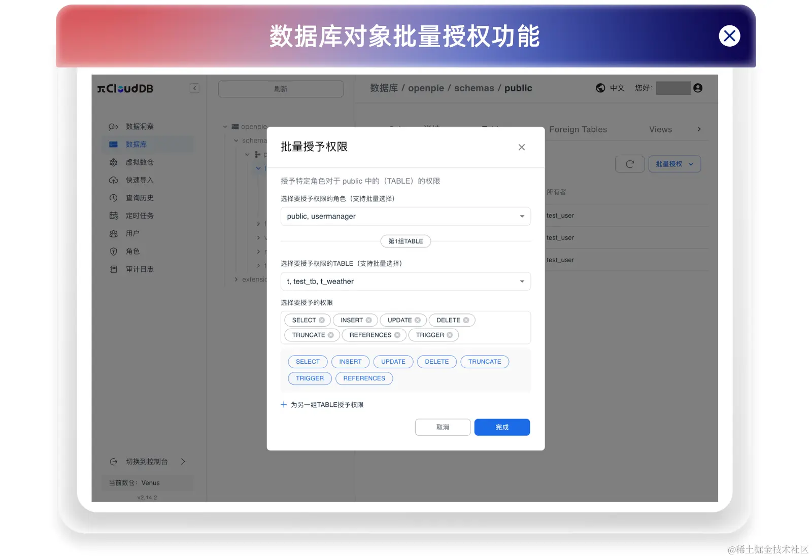 PieCloudDB 云原生平台优化了数据库对象授权功能,新增「批量授权」选项,支持对多个角色批量授予多个同类数据库对象不同权限,减少用户操作步骤。
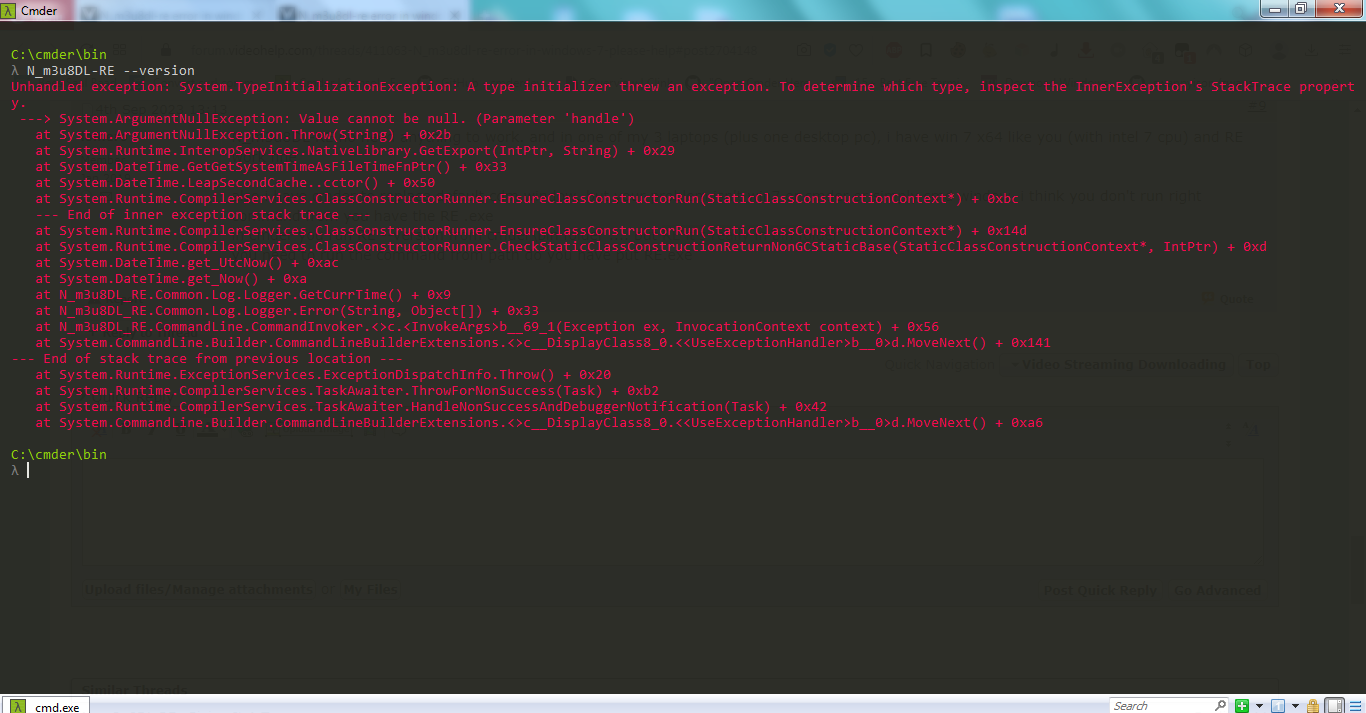 N_m3u8DL-RE no need anything to work. and in one of my 3 laptops (plus one desktop pc), i have win 7 x64 like you (with intel 7 cpu) and RE work fine
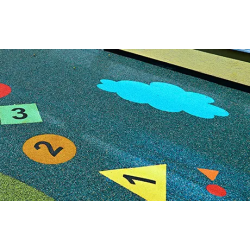 Les couleurs UV sont moins sensibles aux changements de teinte dus aux rayons UV. Les graphiques sont réalisés en granulés en EPDM et certifiés pour la sécurité sanitaire.
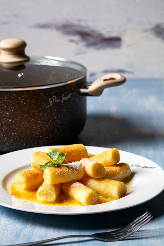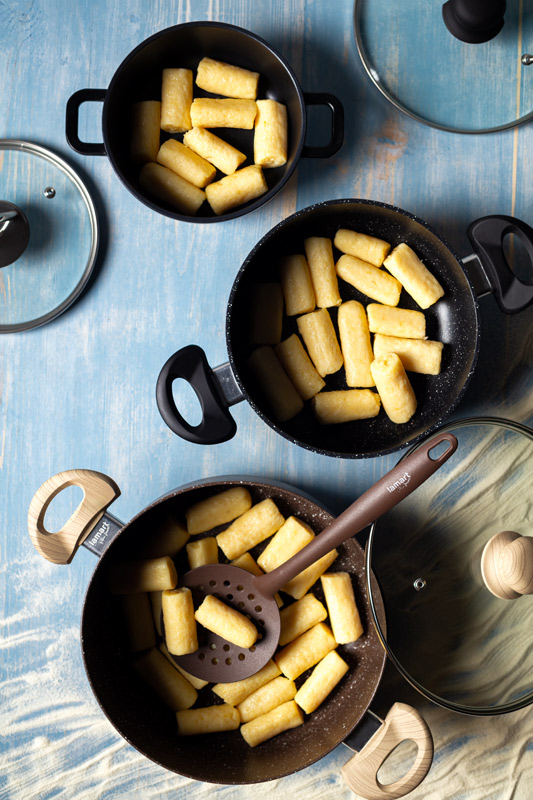 Zemiaky uvaríme v šupke a necháme vychladnúť. Potom ich ošúpeme a nastrúhame na strúhadle na jemno. Pridáme škrob, soľ, vajce, múku a vypracujeme cestu. Na pomúčenom stole vyvaľkáme tenký dlhý valček, ktorý rozdelíme na diely a pripravíme krátke valčeky (šišky)
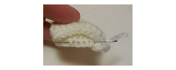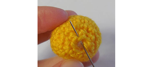 Прошить дважды по окружности головы. Ниточки закрепить, кончик вывести в голову.
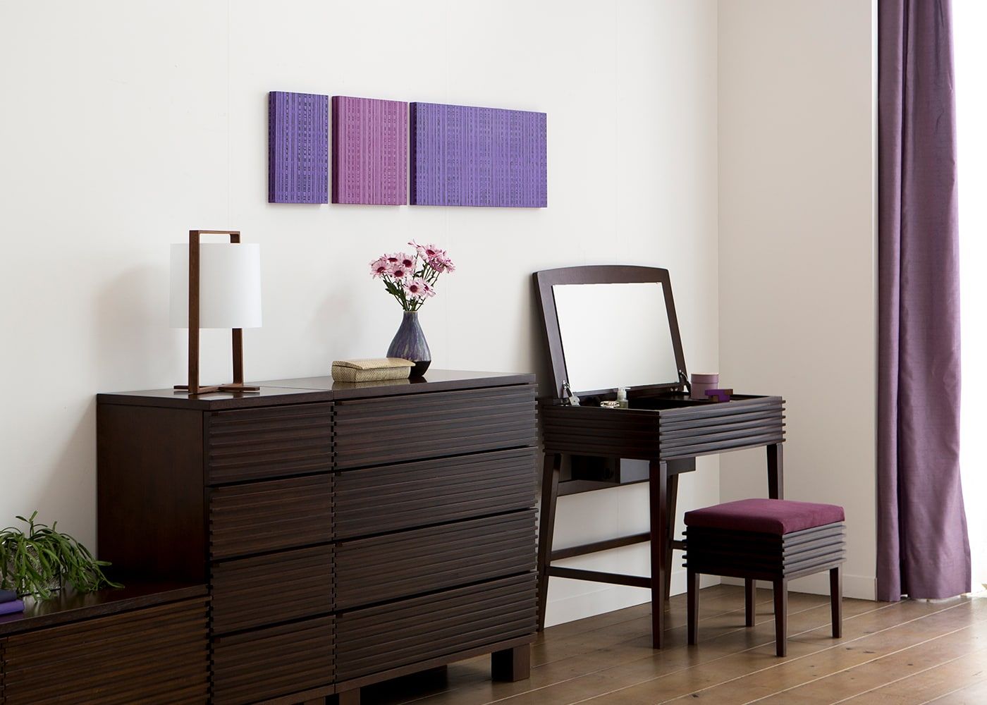 キャビネット上の花やドレッサーのスツールカバーのパープルとリンクした統一感のあるカラーコーディネート。横に流れる格子もルーバーデザインと見事に調和しています。(写真は上から210×300タイプと300×300タイプ)≫フラワーパープルコーディネートはこちら
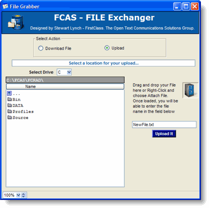 This little utility called FCAS File Exchanger that allows you to upload any file to any location on the FCAS computer and to download any file from that computer.
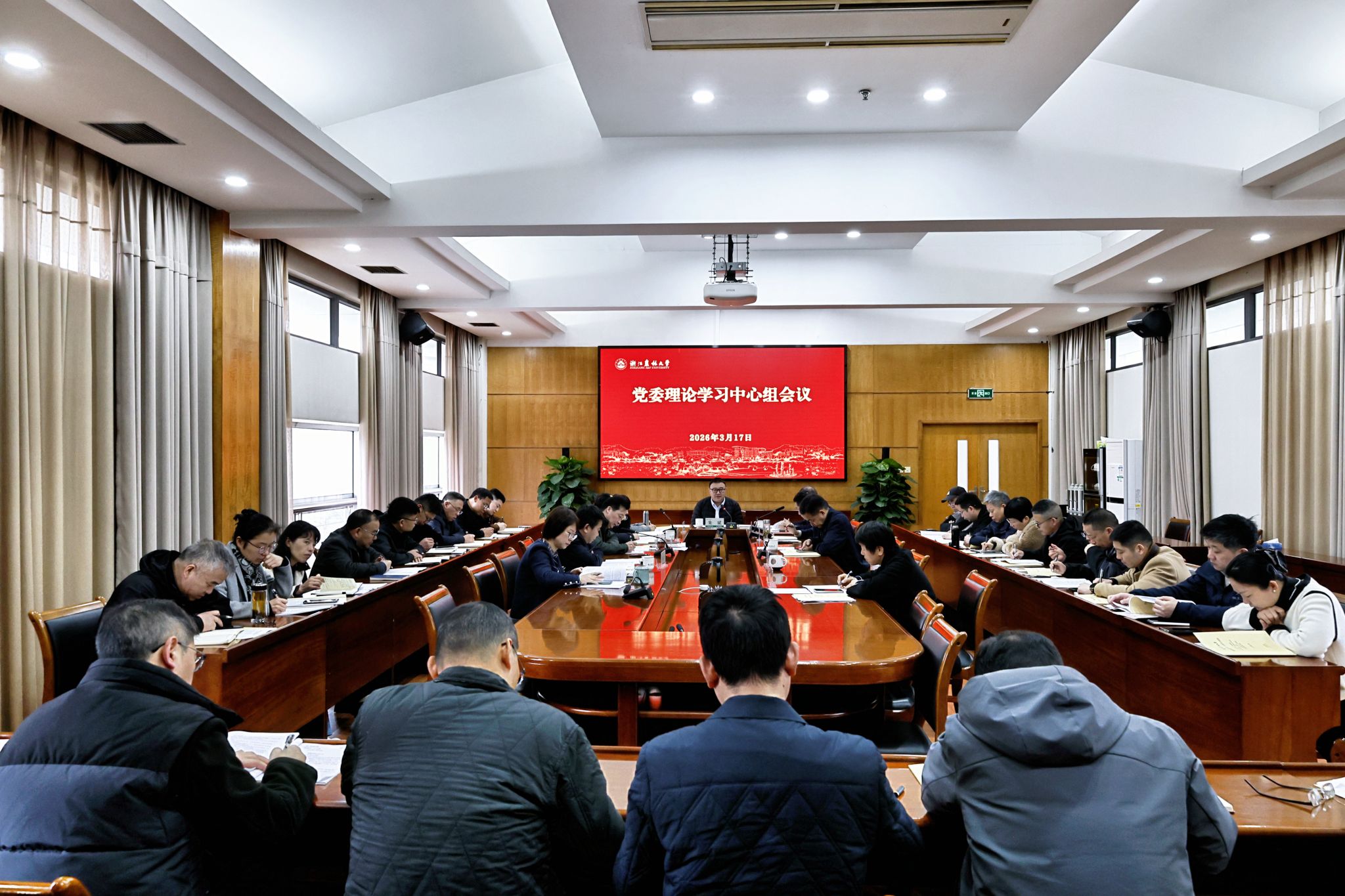 3月17日上午,校党委书记朱斌主持召开党委理论学习中心组扩大会议,深入学习贯彻习近平总书记关于树立和践行正确政绩观的重要论述,专题学习2026年全国两会精神、《中国共产党思想政治工作条例》以及“与时俱进的浙江精神”。

◆ **BRIEF**
Return the full material word for word. Do not include the pictures.

◆ **RESULT**
 PieCloudDB 云原生平台优化了数据库对象授权功能,新增「批量授权」选项,支持对多个角色批量授予多个同类数据库对象不同权限,减少用户操作步骤。
 N_m3u8DL-RE no need anything to work. and in one of my 3 laptops (plus one desktop pc), i have win 7 x64 like you (with intel 7 cpu) and RE work fine
 Les couleurs UV sont moins sensibles aux changements de teinte dus aux rayons UV. Les graphiques sont réalisés en granulés en EPDM et certifiés pour la sécurité sanitaire.
 Zemiaky uvaríme v šupke a necháme vychladnúť. Potom ich ošúpeme a nastrúhame na strúhadle na jemno. Pridáme škrob, soľ, vajce, múku a vypracujeme cestu. Na pomúčenom stole vyvaľkáme tenký dlhý valček, ktorý rozdelíme na diely a pripravíme krátke valčeky (šišky)
 Прошить дважды по окружности головы. Ниточки закрепить, кончик вывести в голову.
 キャビネット上の花やドレッサーのスツールカバーのパープルとリンクした統一感のあるカラーコーディネート。横に流れる格子もルーバーデザインと見事に調和しています。(写真は上から210×300タイプと300×300タイプ)≫フラワーパープルコーディネートはこちら
 This little utility called FCAS File Exchanger that allows you to upload any file to any location on the FCAS computer and to download any file from that computer.
 3月17日上午,校党委书记朱斌主持召开党委理论学习中心组扩大会议,深入学习贯彻习近平总书记关于树立和践行正确政绩观的重要论述,专题学习2026年全国两会精神、《中国共产党思想政治工作条例》以及“与时俱进的浙江精神”。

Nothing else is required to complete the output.